__Your assignment__: In the entries below, find the line with "員:20名 ●送風機:AC100V X2台 ●レンタル料金¥200,000/1日(税別)" and the line with "2025年10月7日,上海,久事体育场馆旗忠网球中心,比赛结束后球员给球迷签名。澎湃新闻记者 朱伟辉 图". Repeat exactly everything between them, those two lines included, but not the pictures.

__Exercise data__:

>>>

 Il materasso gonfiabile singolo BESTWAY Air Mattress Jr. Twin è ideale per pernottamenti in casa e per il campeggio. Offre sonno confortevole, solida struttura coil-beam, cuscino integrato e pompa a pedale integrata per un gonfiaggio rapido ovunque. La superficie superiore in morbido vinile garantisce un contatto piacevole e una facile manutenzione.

<<<
>>>

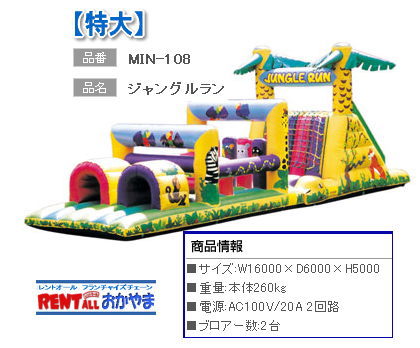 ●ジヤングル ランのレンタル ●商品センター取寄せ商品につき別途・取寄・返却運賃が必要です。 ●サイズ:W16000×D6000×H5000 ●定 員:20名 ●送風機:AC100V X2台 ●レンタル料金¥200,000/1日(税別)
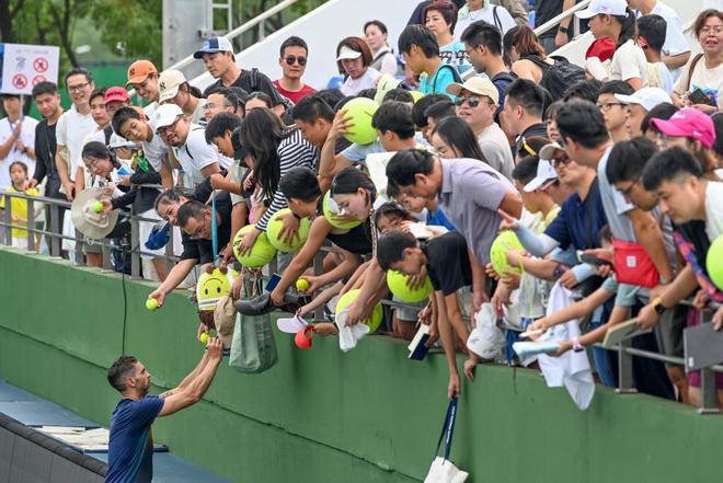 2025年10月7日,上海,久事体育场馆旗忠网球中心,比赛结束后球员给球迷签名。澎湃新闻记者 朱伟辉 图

<<<

__Solved exercise__:
 ●ジヤングル ランのレンタル ●商品センター取寄せ商品につき別途・取寄・返却運賃が必要です。 ●サイズ:W16000×D6000×H5000 ●定 員:20名 ●送風機:AC100V X2台 ●レンタル料金¥200,000/1日(税別)
 2025年10月7日,上海,久事体育场馆旗忠网球中心,比赛结束后球员给球迷签名。澎湃新闻记者 朱伟辉 图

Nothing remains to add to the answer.